[Provided data — start]

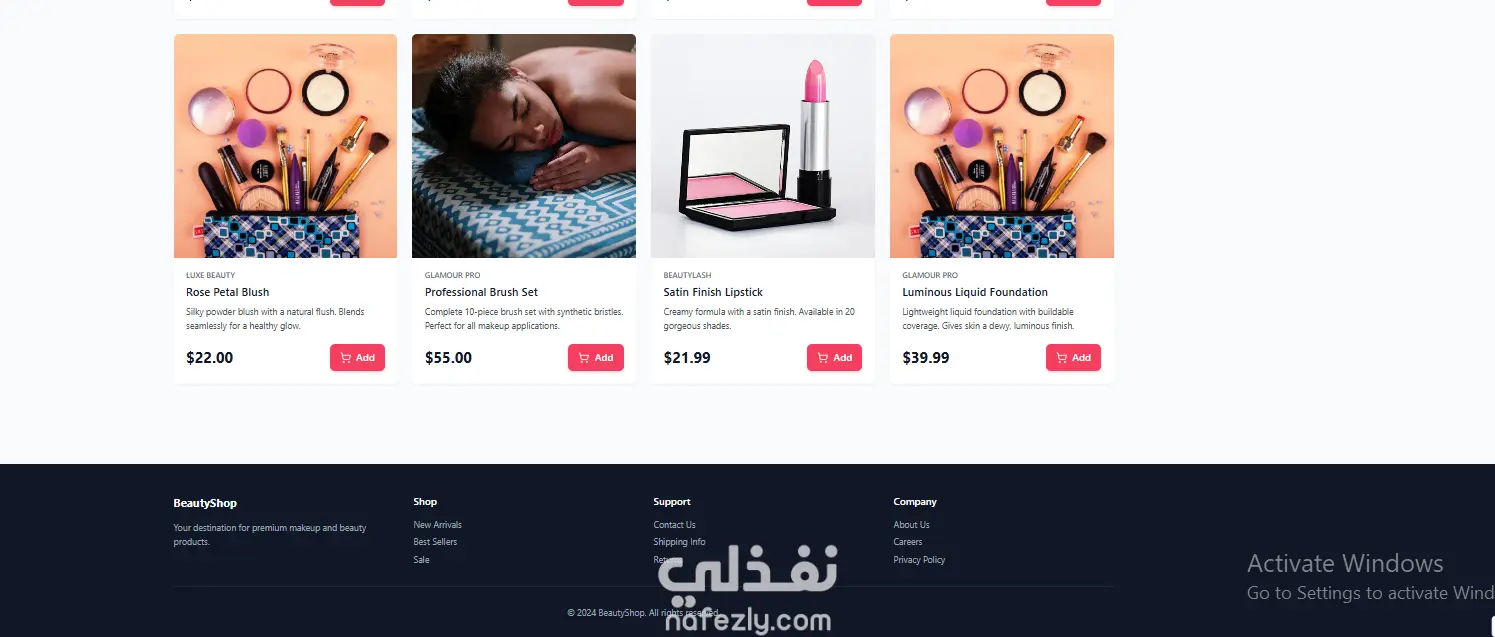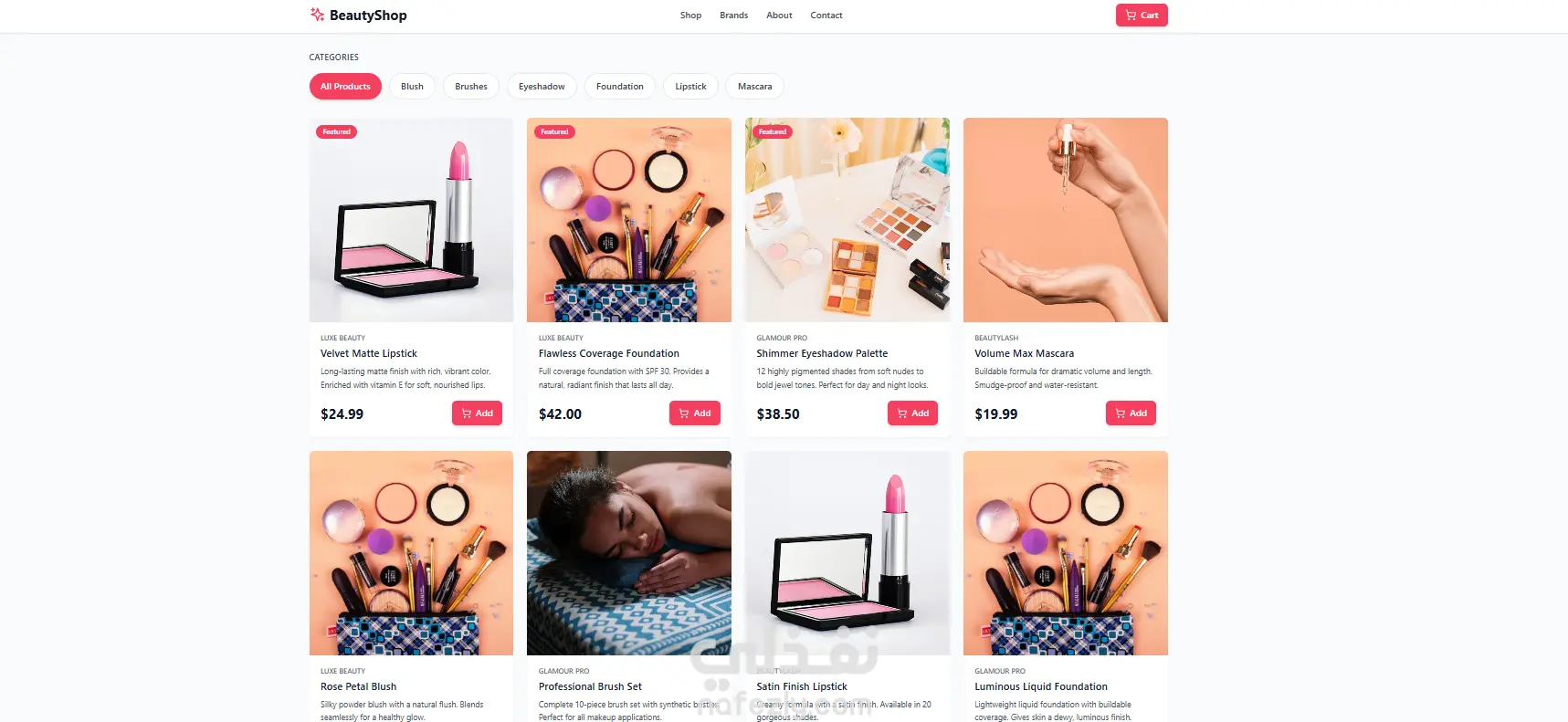 BeautyShop هو موقع إلكتروني متخصص في عرض وبيع منتجات التجميل والعناية الشخصية عبر الإنترنت. الهدف منه إنه يقدّم تجربة تسوق سهلة، سريعة، وجذابة لكل مستخدم يهتم بالمكياج، العناية بالبشرة، العطور، والإكسسوارات.
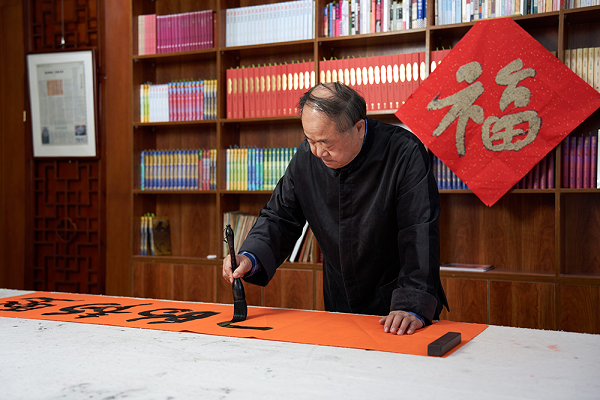 走进北京西郊的两块砖书房,莫言正站在一张长长的书桌旁挥毫:“一江春水向东流”。写到“东”字时,他轻声嘀咕了一句:“有没有河水向西流呢?”
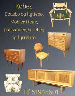 Møbler fra perioden 1930 til 1990. Dansk design, teak, palisander, syret eg, fyrretræ, polstrede lænestole. Kontakt Martin. Tlf: 51 94 56 01
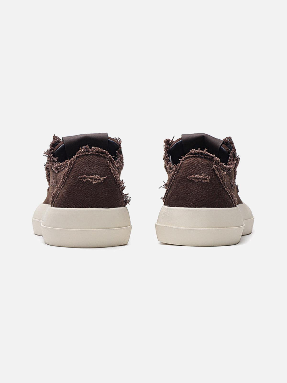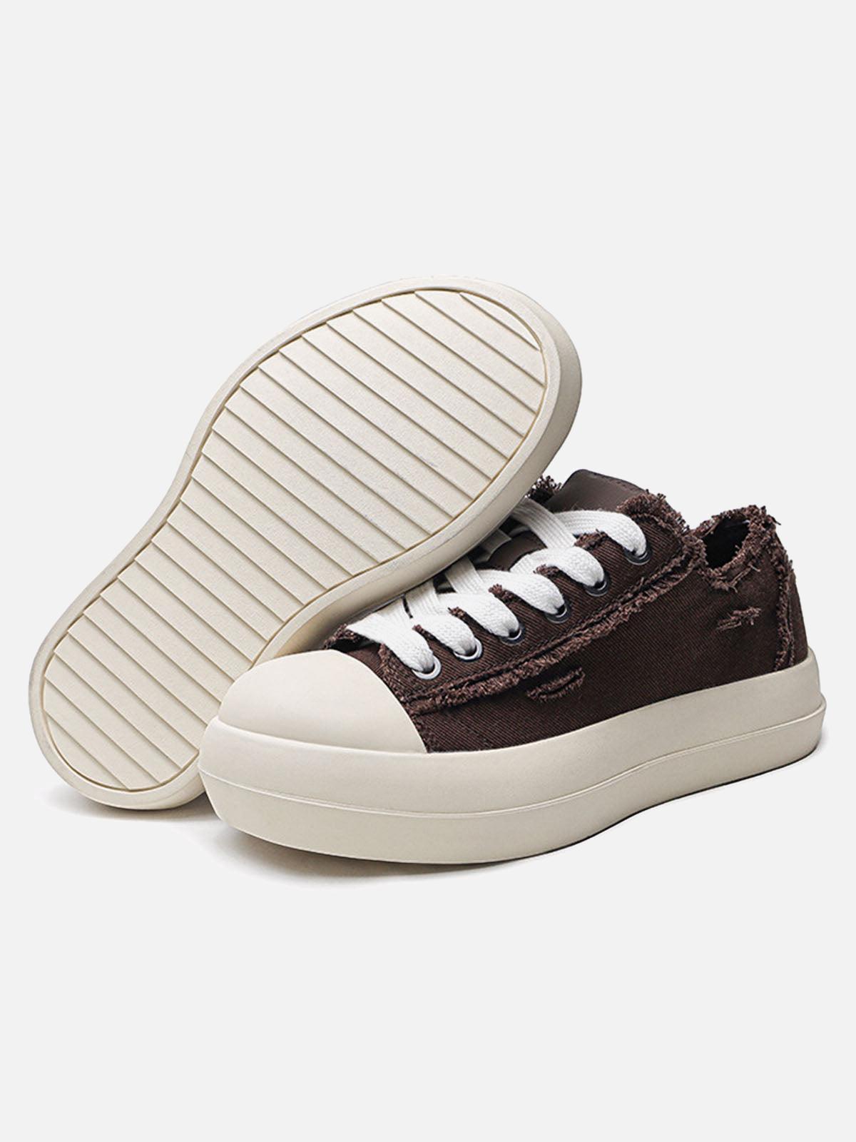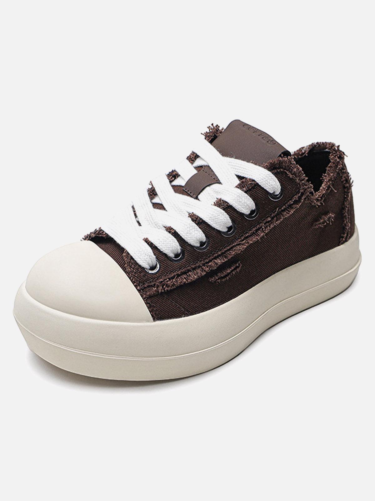 The TALISHKO Street Beard Split Hole Sneakers redefine urban style with their distressed edges and chunky sole, perfect for spring, summer, and fall. Ideal for everyday wear, casual outings, or travel, these sneakers blend edgy design with comfort. The white laces provide a striking contrast against the brown canvas, offering versatility for any wardrobe. Enjoy stability and comfort during long walks thanks to the robust sole construction.

[Provided data — finish]

What to produce
Output the material verbatim, skipping the images.

Solution for this exercise
 BeautyShop هو موقع إلكتروني متخصص في عرض وبيع منتجات التجميل والعناية الشخصية عبر الإنترنت. الهدف منه إنه يقدّم تجربة تسوق سهلة، سريعة، وجذابة لكل مستخدم يهتم بالمكياج، العناية بالبشرة، العطور، والإكسسوارات.
 走进北京西郊的两块砖书房,莫言正站在一张长长的书桌旁挥毫:“一江春水向东流”。写到“东”字时,他轻声嘀咕了一句:“有没有河水向西流呢?”
 Møbler fra perioden 1930 til 1990. Dansk design, teak, palisander, syret eg, fyrretræ, polstrede lænestole. Kontakt Martin. Tlf: 51 94 56 01
 The TALISHKO Street Beard Split Hole Sneakers redefine urban style with their distressed edges and chunky sole, perfect for spring, summer, and fall. Ideal for everyday wear, casual outings, or travel, these sneakers blend edgy design with comfort. The white laces provide a striking contrast against the brown canvas, offering versatility for any wardrobe. Enjoy stability and comfort during long walks thanks to the robust sole construction.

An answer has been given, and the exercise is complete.